Preferably the surfactants used are saturated.
Builders or Complexing Agents
Builder materials may be selected from 1) calcium sequestrant materials, 2) precipitating materials, 3) calcium ion-exchange materials and 4) mixtures thereof.
Examples of calcium sequestrant builder materials include alkali metal polyphosphates, such as sodium tripolyphosphate and organic sequestrants, such as ethylene diamine tetra-acetic acid.
Examples of precipitating builder materials include sodium orthophosphate and sodium carbonate.
Examples of calcium ion-exchange builder materials include the various types of water-insoluble crystalline or amorphous aluminosilicates, of which zeolites are well known representatives thereof, e.g. zeolite A, zeolite B (also known as zeolite P), zeolite C, zeolite X, zeolite Y and also the zeolite P-type as described in EP-A-0,384,070.
The composition may also contain 0-65% of a builder or complexing agent such as ethylenediaminetetraacetic acid, diethylenetriamine-pentaacetic acid, alkyl- or alkenylsuccinic acid, nitrilotriacetic acid or the other builders mentioned below. Many builders are also bleach-stabilising agents by virtue of their ability to complex metal ions.
Zeolite and carbonate (carbonate (including bicarbonate and sesquicarbonate) are preferred builders, with carbonates being particularly preferred.

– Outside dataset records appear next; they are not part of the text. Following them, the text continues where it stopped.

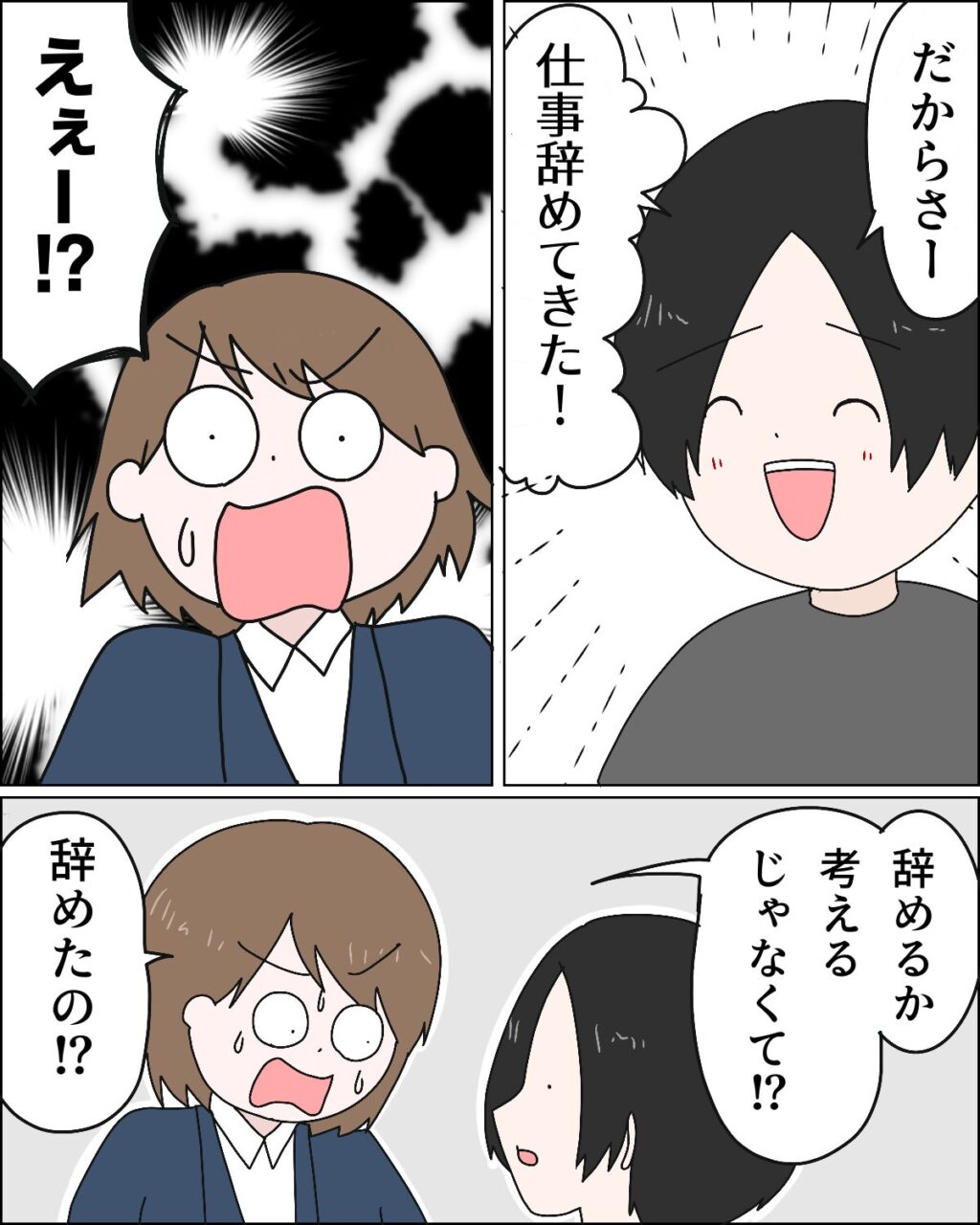 フミヤのあり得ない発言に固まっていると、フミヤはさらに「だからさー、仕事辞めてきた!」とサラリと笑顔で言ったのです。あまりの衝撃発言に「えぇー!?」と叫んでしまいました。何やってんの!?「辞めるか考える、じゃなくて!?辞めたの!?」慌てて聞き返してもきょとんとしているフミヤ。え、ホントに辞めたの!?私に何の相談もなく、突然、夫が無職になりました。
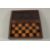 A TRAVELLING CHESS BOX AND FOLDING CHESS BOARD and chess pieces.
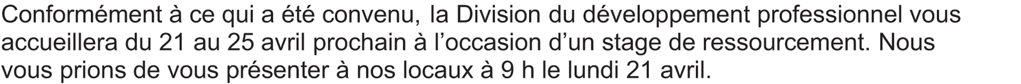 Conformément à ce qui a été convenu, la Division du développement professionnel vous accueillera du 21 au 25 avril prochain à l’occasion d’un stage de ressourcement. Nous vous prions de vous présenter à nos locaux à 9 h le lundi 21 avril.
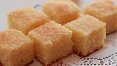 • إخراج قالب الكيك من الفرن، وصبّ القطر الدافئ عليه، وتركه حتى يبرد.
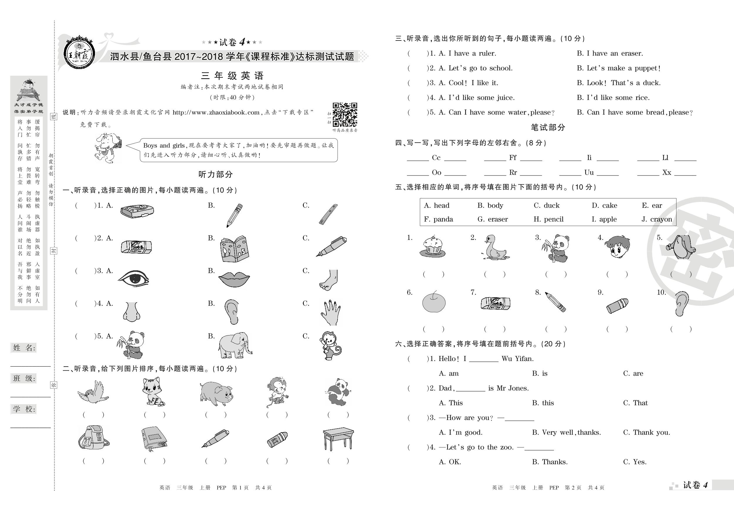 2017-2018学年第一学期济宁市泗水县、鱼台县三年级英语试卷(PEP版)【4】
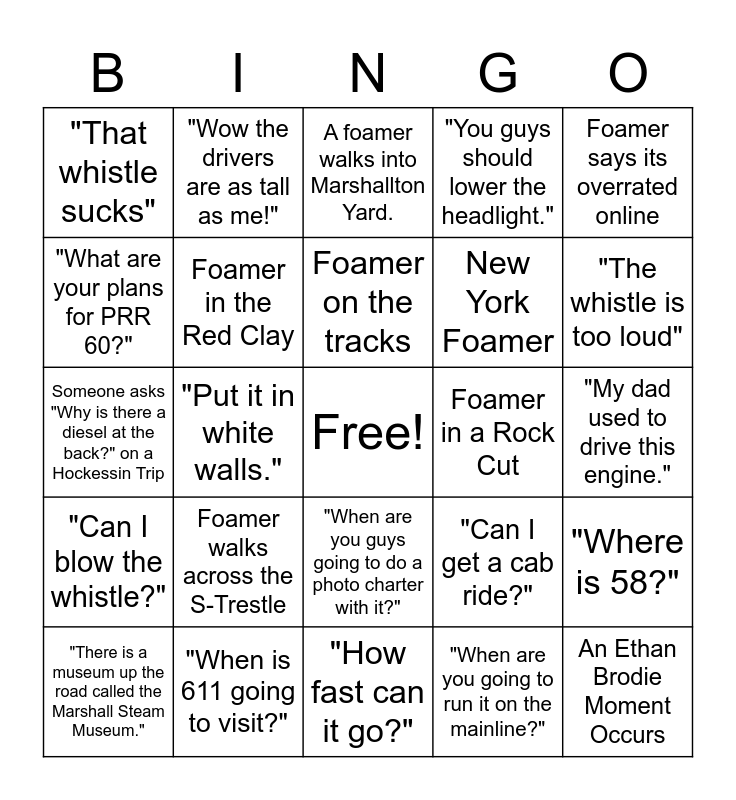This bingo card has a free space and 24 words: Foamer walks across the S-Trestle, "When is 611 going to visit?", Foamer on the tracks, "There is a museum up the road called the Marshall Steam Museum.", Foamer says its overrated online, "That whistle sucks", "What are your plans for PRR 60?", "Wow the drivers are as tall as me!", Foamer in a Rock Cut, "When are you guys going to do a photo charter with it?", New York Foamer, Someone asks "Why is there a diesel at the back?" on a Hockessin Trip, "Can I get a cab ride?", "Where is 58?", Foamer in the Red Clay, "When are you going to run it on the mainline?", "My dad used to drive this engine.", A foamer walks into Marshallton Yard., "The whistle is too loud", "Put it in white walls.", An Ethan Brodie Moment Occurs, "Can I blow the whistle?", "You guys should lower the headlight." and "How fast can it go?".

The composition may contain as builder a crystalline aluminosilicate, preferably an alkali metal aluminosilicate, more preferably a sodium aluminosilicate. This is typically present at a level of less than 15 wt %. Aluminosilicates are materials having the general formula:
0.8-1.5 M2O.Al2O3.0.8-6SiO2,
where M is a monovalent cation, preferably sodium. These materials contain some bound water and are required to have a calcium ion exchange capacity of at least 50 mg CaO/g. The preferred sodium aluminosilicates contain 1.5-3.5 SiO2 units in the formula above. They can be prepared readily by reaction between sodium silicate and sodium aluminate, as amply described in the literature. The ratio of surfactants to alumuminosilicate (where present) is preferably greater than 5:2, more preferably greater than 3:1.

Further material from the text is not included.